# How long should I keep my kitten in one room?



## geoffb613

Hi everyone,

I'm just wondering how long I should keep an older kitten (6 months-ish), in one room after bringing her home? As soon as I let her out of her carrier yesterday she started exploring and she seems very curious. Whenever I open the door to her room she tries to run out into the hallway, so I don't think she's afraid at all.

What do you guys think?

Thanks!


----------



## Cookieandme

I had never owned a cat before when I adopted my 6 month old kitten and when I let her out of the carrier she immediately jumped in her litter box then went to explore the lounge. She was never confined to one room.

I took this photo the afternoon we got home, she is sat on the top of the sofa.



I was her 3rd home I think she was quite confident, if she had hidden away it might have been different.


----------



## catgeoffrey

Hi! 
We got our cat at 8 weeks old (he's now 8 months old). When we got him we kept him in one room for the first two weeks. For the first week he was happy in one room with his litter, food, water, toys etc but after that he started to try and get out when the door was open. 
Eventually, just before the 2 week point we started opening the door because he seemed keen to get out. once we did this we realised him bounding to the door when it opened was to see us and not to get out! he would go to the open door, sniff and then run back inside! eventually though he started to explore and eventually he got brave and went everywhere! No stopping him now! 
I suppose each cat is different but good luck & enjoy your furbaby!


----------



## Wiz201

My new cat only spent one night in the bathroom. A day later he decided he wasn't going to be shut out of the living room and he made his own moves. My other cat still grumbles at him, but apart from that, I'm pleased with how they tolerate each other. He ignores her which is the best thing for him to do and he ended up teaching Jess how to use the cat flap (not by scaring her, but just by teaching the example) and they can now give each other space by being able to choose to go outside which is the best thing I was hoping for.


----------



## lymorelynn

So long as there is no where for her to escape or get stuck I wouldn't worry about keeping her in one room especially when you are at home. It may be safer to keep her in one room while you are at work until you are happy that she is not going to get into any mischief or forget where her litter tray is


----------



## buffie

Hi and welcome to the forum.
Personally with a kitten of 6 months I would be keeping the doors shut to rooms you dont want her to have access to at the moment,rather than her shut in one room.Judge how much freedom she should have on how she copes with a couple of rooms to explore while you are around,gradually allowing her in to all the rooms that you want her to have access to.As long as there is nothing that can harm her,or where she can escape from then she should be fine.To much freedom to quickly may confuse her so just take it slowly and make certain that she knows where her litter tray is .Make sure that she always has access to it,in fact if you have a lot of space maybe having 2 trays in different areas would be advisable.


----------



## donnamatrix

I think the advice about keeping kittens in one room is for younger, shyer kittens.
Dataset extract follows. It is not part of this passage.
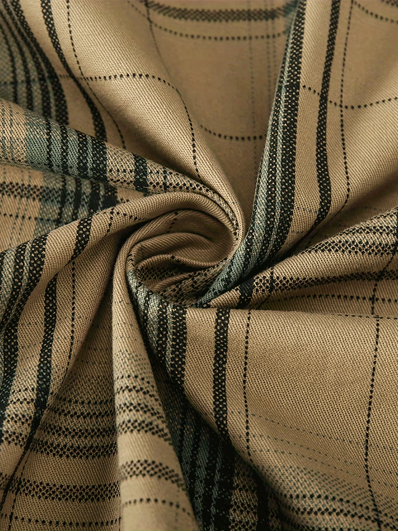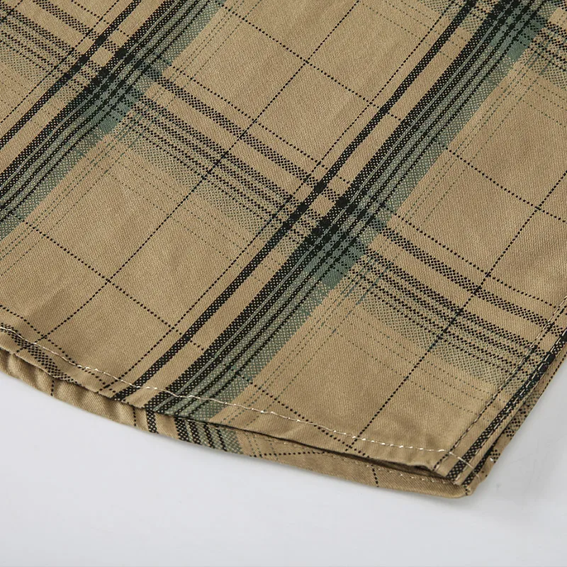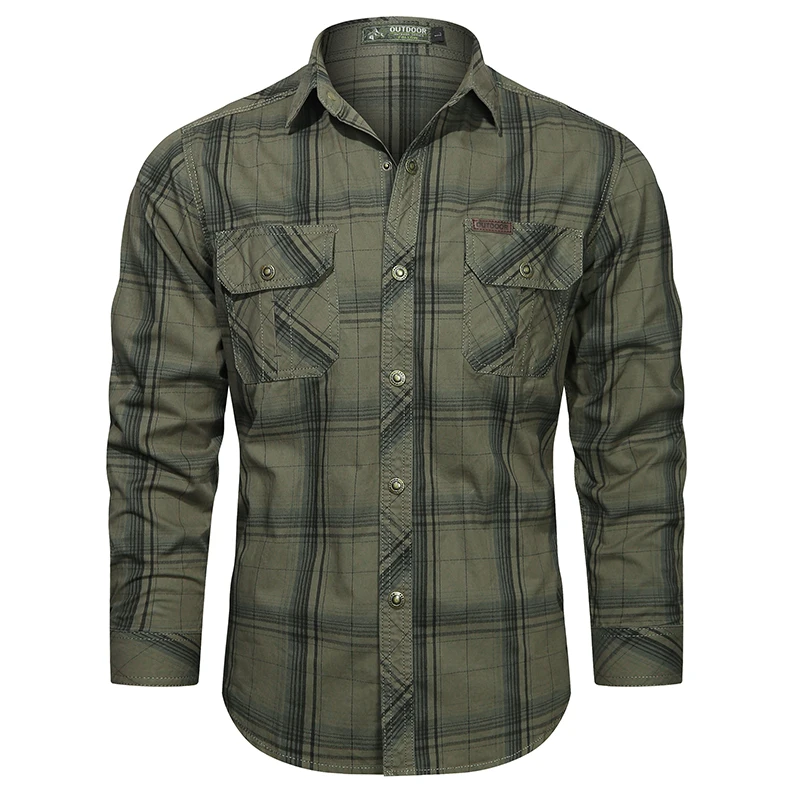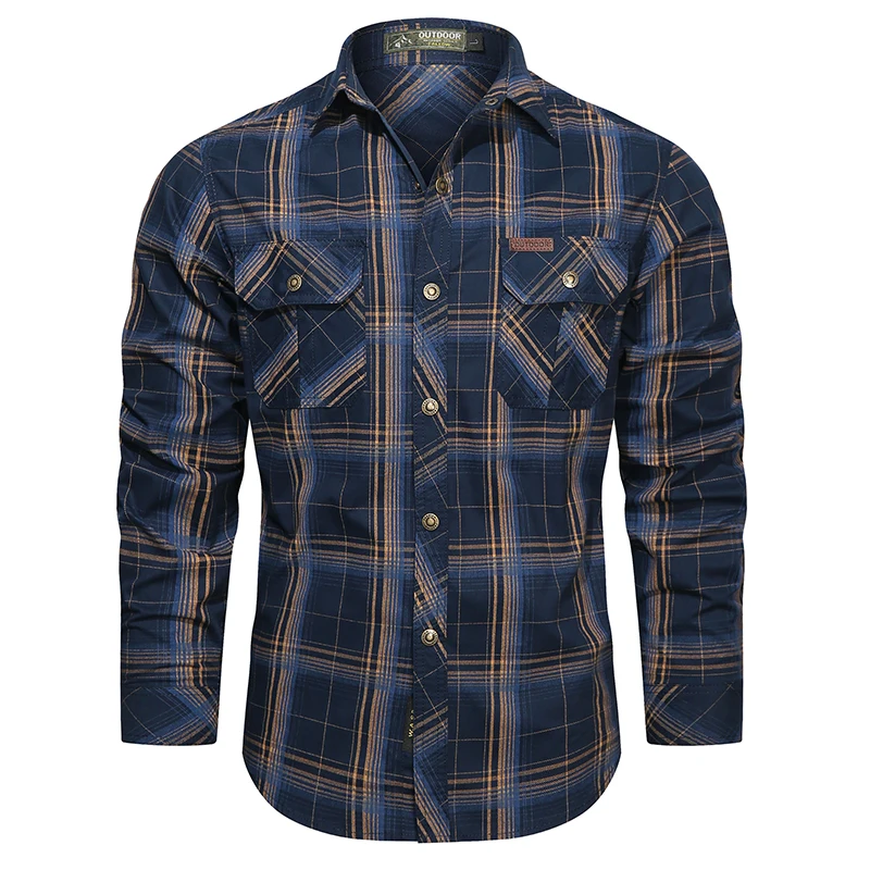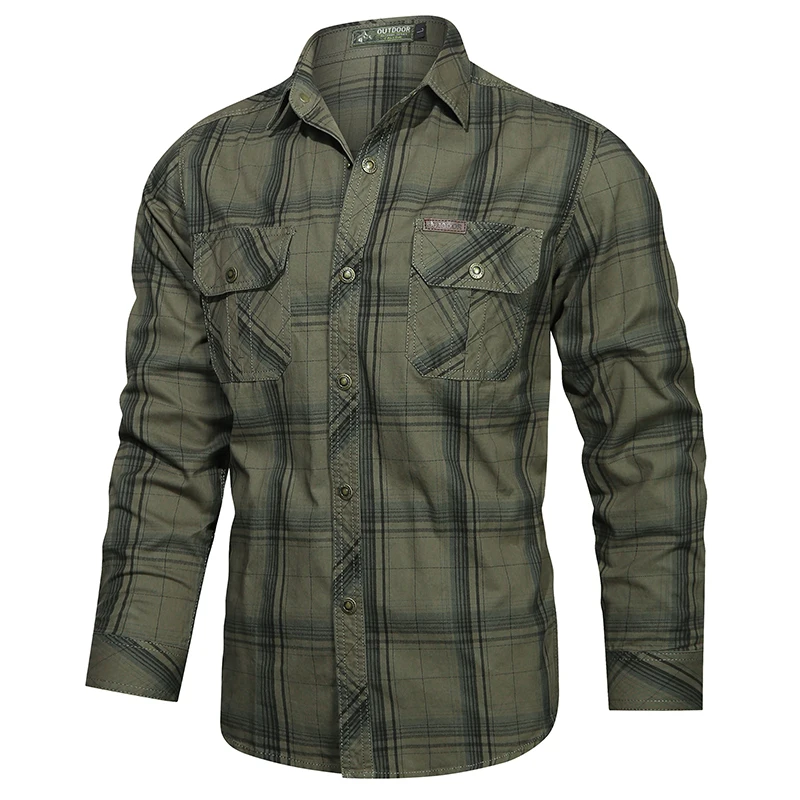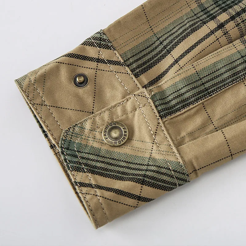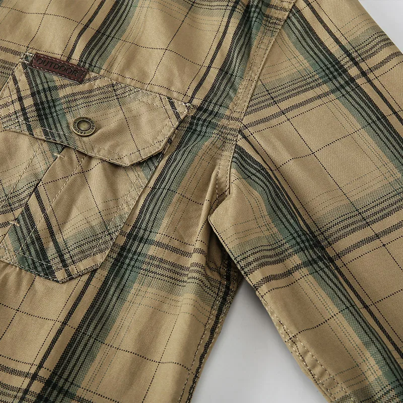 2024 New Plaid Shirt for Men Long Sleeve Striped Outdoor Casual Shirts Turn-down Collar 2-Pokcet Cargo Shirts High Quality Tops

Yuki was four months when we brought her home and she only spent a few hours in the spare room - like yours, she was too keen to roam for us to keep her in! As long as the whole of the house/flat is cat proofed I'd let them loose


----------



## carly87

To be honest, i look at the safe room confinement as a guide. If cats are shy, timid or upset by the move, then keeping them in one room allows them to ground themselves and settle. However, if they ooze confidence, then keeping them in a single room may distress them more as they will have to spend time on your own. It depends totally on each cat, but by the sounds of your little lady, she's ready to come out. Just make sure you introduce her to the house slowly and kitten proof EVERYTHING!


----------



## zippie161

We kept Maggie in her room for about 2 weeks (we let her out to explore a few times in the 2nd week but kept her in there especially when we were out and at night.) This was mainly because we had to introduce her to Barney slowly - if we only had the one cat tho we probably wouldntve kept her in her room as much. It is good to start them off in one room so they can settle & get to know where their food/litter tray is etc.


----------



## Guest

geoffb613 said:


> Hi everyone,
> 
> I'm just wondering how long I should keep an older kitten (6 months-ish), in one room after bringing her home? As soon as I let her out of her carrier yesterday she started exploring and she seems very curious. Whenever I open the door to her room she tries to run out into the hallway, so I don't think she's afraid at all.
> 
> What do you guys think?
> 
> Thanks!


I would say kittens should be kept an eye on at all times


----------



## MilleD

RaZZleDaZZle said:


> I would say kittens should be kept an eye on at all times


But the kitten is over 6 years old now!


----------



## Guest

MilleD said:


> But the kitten is over 6 years old now!


I see i read in thread it was 6 monthish


----------



## Joy84

Gosh! I love this ...
Someone manages to dig out an old thread, I start reading replies and think "haven't seen this person around for ageees, and this one! And this one!! Oh hang on, the thread is x years old"
:Hilarious:Hilarious:Hilarious
Get's me every time :Facepalm


----------



## LJC675

RaZZleDaZZle said:


> I see i read in thread it was 6 monthish


It was in 2012 , hopefully it's been let out of its safe room by now


----------



## MilleD

RaZZleDaZZle said:


> I see i read in thread it was 6 monthish


Yes in 2012!

Welcome to Pet Forums  How did you even find this thread?!


----------



## Guest

MilleD said:


> Yes in 2012!
> 
> Welcome to Pet Forums  How did you even find this thread?!


So sorry for my rudness


----------



## chillminx

RaZZleDaZZle said:


> So sorry for my rudness


Please don't worry, you're not the first newcomer to be caught out. The forum's search facility sometimes throws up these old threads and newcomers don't always realise they are out of date before they reply to them. 

Welcome to the forum


----------



## Guest

chillminx said:


> Please don't worry, you're not the first newcomer to be caught out. The forum's search facility sometimes throws up these old threads and newcomers don't always realise they are out of date before they reply to them.
> 
> Welcome to the forum


Thats ok but i dont think public forums are for me and my new puppy they seem to be a harsh inviroment i need to find a nice kind place but thank you anyway.


----------



## Guest

RaZZleDaZZle said:


> So sorry for my rudness


It was just there when i went into something....told you im not used to this


----------



## Tigermoon

Deleted member 1481752 said:


> It was just there when i went into something....told you im not used to this


Happens a lot to new forum members. Don't be deterred! Try the dog chat section to ask about your puppy


----------